Establishing the Frequency of the HLA Class II Pseudotumour 'at Risk' Genotype: A Pilot Epidemiologic Analysis.

PURPOSE

Immune-mediated adverse local tissue reactions (ALTRs) to implanted metallic devices are an increasingly recognised orthopaedic concern. Recent research has identified a critical HLA genotype associated with increased risk of ALTR development around in situ arthroplasty implants. Carriage imparts a > 700% increased relative-risk of high-grade peri-prosthetic lesion development, associated with pain and joint dysfunction and likely contributing to an increased burden of complex revision surgery.

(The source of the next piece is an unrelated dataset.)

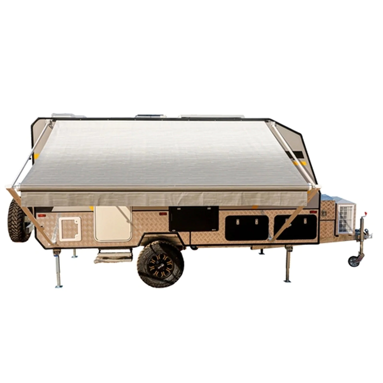 Aleko Retractable White Frame Patio Awning - 10 x 8 Feet - Gray and White Striped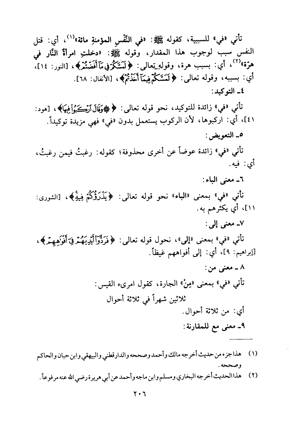 تأتي "في" للسببية، كقوله - صلى الله عليه وسلم -: "في النَّفْسِ المؤمنةِ مائة" (١)، أي: قتل النفس سبب لوجوب هذا المقدار، وقوله - صلى الله عليه وسلم -: "دخلتِ امرأةٌ النَّار في هرّة" (٢)، أي: بسبب هرة، وقوله تعالى: {لَمَسَّكُمْ فِي مَا أَفَضْتُمْ}، [النور: ١٤]، أي: بسببه، وقوله تعالى: {لَمَسَّكُمْ فِيمَا أَخَذْتُمْ}، [الأنفال: ٦٨].

Despite being first reported in 2017, the 'at risk' genotype has only subsequently been described in selected metal-on-metal and revision arthroplasty cohorts and no population-level prevalence data has been reported. This novel epidemiologic pilot investigation aimed to explore allele-variant carriage frequencies of the previously-described 'at risk' HLA genotype in an undifferentiated orthopaedic population to inform larger screening investigations.

METHODS

One hundred consecutive patients were prospectively recruited. Targeted HLA class II genotyping was performed using a medium-resolution Luminex-based approach, and secondary screening was performed to identify the presence of four specific alleles previously-associated with immune-mediated reactions to implanted metal devices.

RESULTS

Our findings, in a non-differentiated orthopaedic cohort, suggest a carrier rate of the previously-defined 'at risk' allele of 38%, with 29% of those sampled carrying the defined 'at risk' genotype.

CONCLUSION

Our results show a higher-than-anticipated incidence of the 'at risk' gene and genotype. As genotype-associated ALTRs may contribute to patient dissatisfaction following primary joint replacements, the impact of this result may be greater than had previously been considered. While acknowledging the preliminary nature of these data, they may guide future screening applications of the genotyping analysis and will provide a foundation contribution-to-knowledge for future endeavours in diverse populations.